Dibangun pada tahun 1996, stasiun radio Hard Rock ini memiliki segmen untuk komunitas lifestyle, smart, dinamis, visioner, urbanis, dan ditujukan kepada masyarakat yang berusia 20-30 tahun. Sekarang stasiun radio Hard Rock sudah menyebar ke beberapa kota di Indonesia seperti bandung, Bali, Surabaya.

Sonora ( 1972 )

Dibentuk oleh pendiri Berita koran Kompas, Jakob Oetama. Sonora ditujukan untuk menyiarkan informasi, mutimedia, dan entertainmen. Sonora mulai dibentuk pada tahun 1972, namun hingga sebelum reformasi 1998. Sonora hanya menyiarkan musik dan informasi karena pada waktu itu, berita hanya disiarkan oleh RRI ( Radio Republik Indonesia ). Walaupun begitu, Sonora masih tetap menyiarkan berita tersebut dengan berupa informasi yang berguna untuk masyarakat. Contohnya pada kasus berita perang teluk Arab ( 1990 ), kasus Malari ( 1974 ), kerusuhan Mei ( 1998 ) sehingga Sonora menjadi salah satu pegangan untuk rakyat. Di tahun 2007, sonora mulai membuat program-program hiburan. Sekarang sonora tersebar lebih dari 10 stasiun radio di seluruh kota di Indonesia.

RRI

Singkatan dari Radio Republik Indonesia, RRI didirikan pada tanggal 11 September 1945 oleh tokoh-tokoh dan pemuda yang pernah bekerja di stasiun radio milik jepang di 6 kota yang berada di Indonesia.

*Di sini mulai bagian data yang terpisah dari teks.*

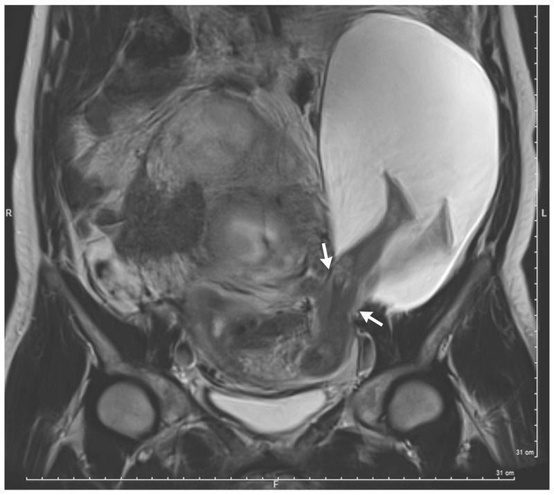 A 33-year-old asymptomatic woman (gravida 6, para 5) presented at 22 weeks of gestation with a large herniation of the amniotic sac through the left uterine wall that was detected by routine ultrasonography. She had had five previous cesarean sections through a transverse incision of the lower uterine segment and no previous vaginal deliveries. Magnetic resonance imaging revealed a 2.5-cm rupture of the left uterine wall (arrows) and a large amniocele that measured 19 cm by12 cm by 9 cm and contained fetal legs. The patient and her partner were informed of the potential risks of these findings, including complete uterine rupture, placenta accreta, hysterectomy, and preterm birth. They opted to proceed with the pregnancy with close monitoring. Repeat ultrasonography at 30 weeks of gestation revealed that the uterine dehiscence had extended 5 cm and the herniated sac had grown and included the fetal abdomen and legs. At 30 weeks of gestation, a healthy male newborn weighing 1385 g was delivered by cesarean section. After the delivery, the left posterior uterine rupture and large amniocele were identified and repaired. The patient had an uncomplicated postoperative course and was discharged from the hospital 5 days later. At 6 months of age, the baby was alive and well.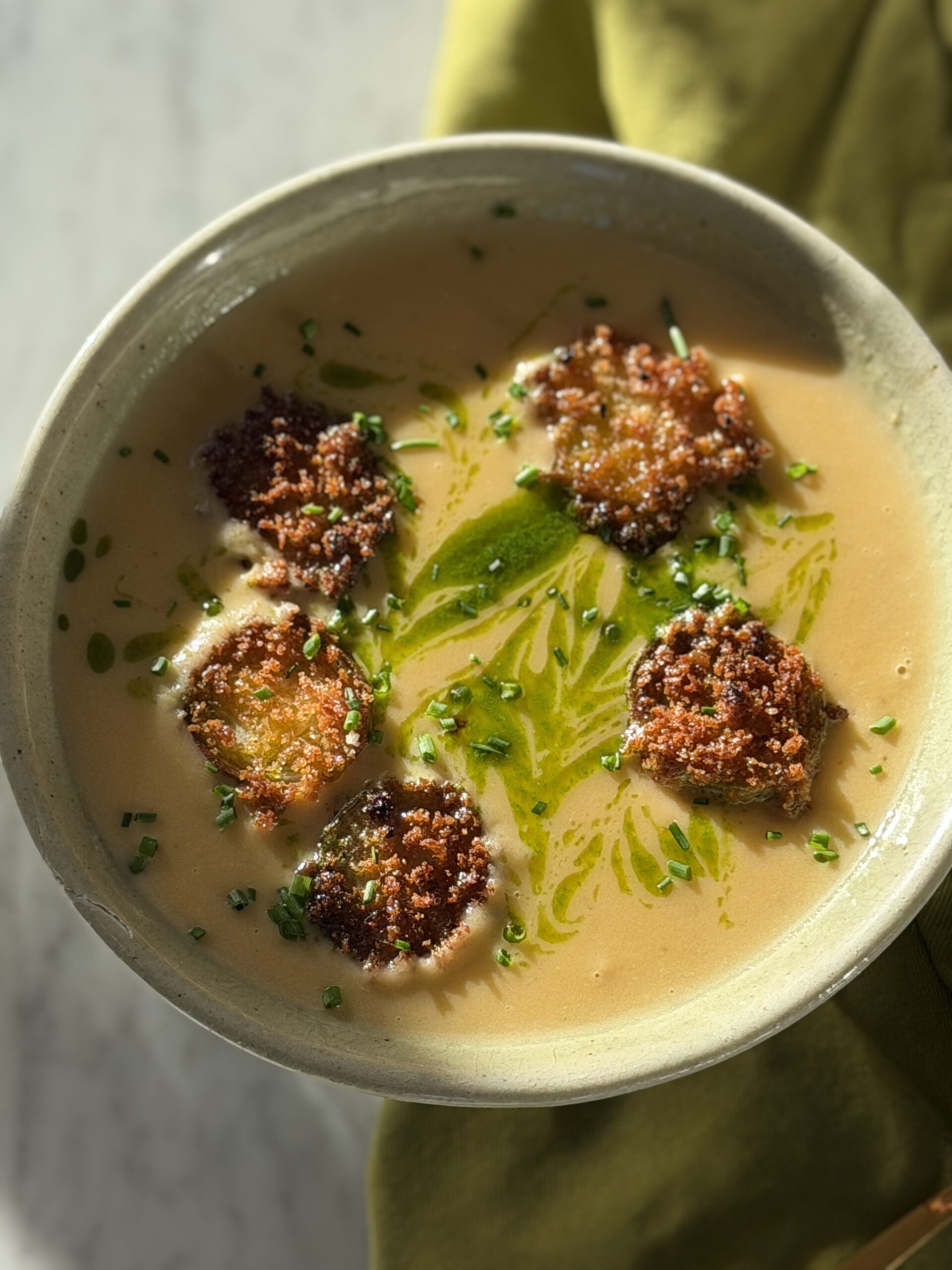 At the table, we’d ease in with an Autumn Glow salad — crisp kale, apples, pecans, and apple cider vinaigrette — followed by a cozy bowl of creamy French potato leek soup with chive oil and fried leek croutons.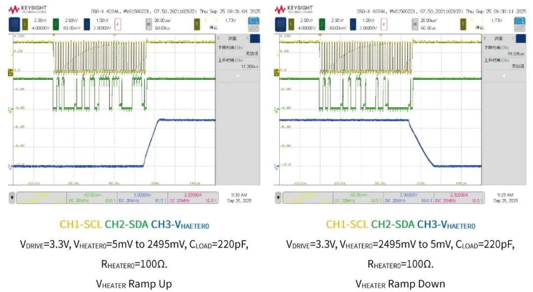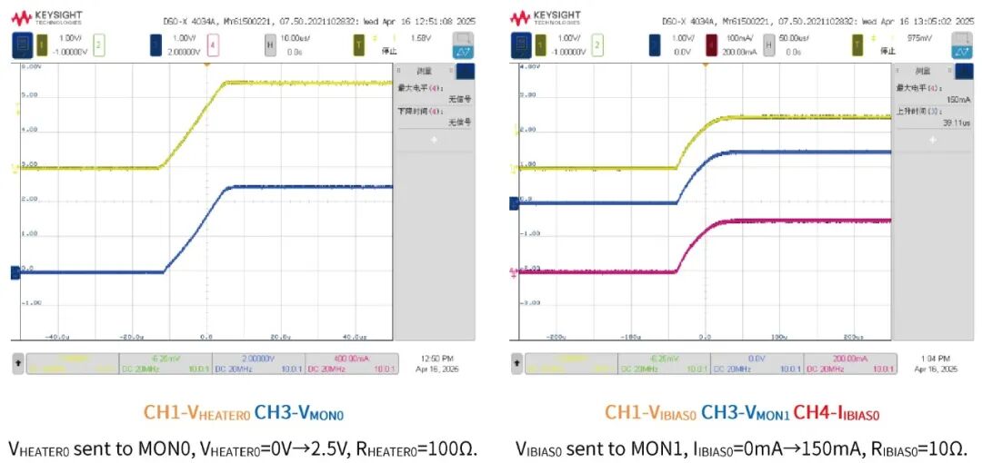 图7 通过MONx引脚监测加热器电压和偏置电流的单调变化过程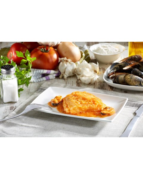 Ingredientes: Filetes de bacalao, cebolla, tomate, mejillones, harina de trigo, sidra, aceite de oliva, ajo, perejil, sal y especias.

Setelah Indonesia merdeka, tokoh-tokoh tersebut berkumpul di rumah Adang Kadarusman dan menunjuk Abdulrahman Saleh sebagai pemimpin atas terbentuknya RRI. Memiliki 3 butir komitmen yang dikenal dengan Tri Prasetya RRI dan memiliki slogan “Sekali di Udara, Tetap di Udara”. Hampir seluruh kota di Indonesia memiliki stasiun RRI.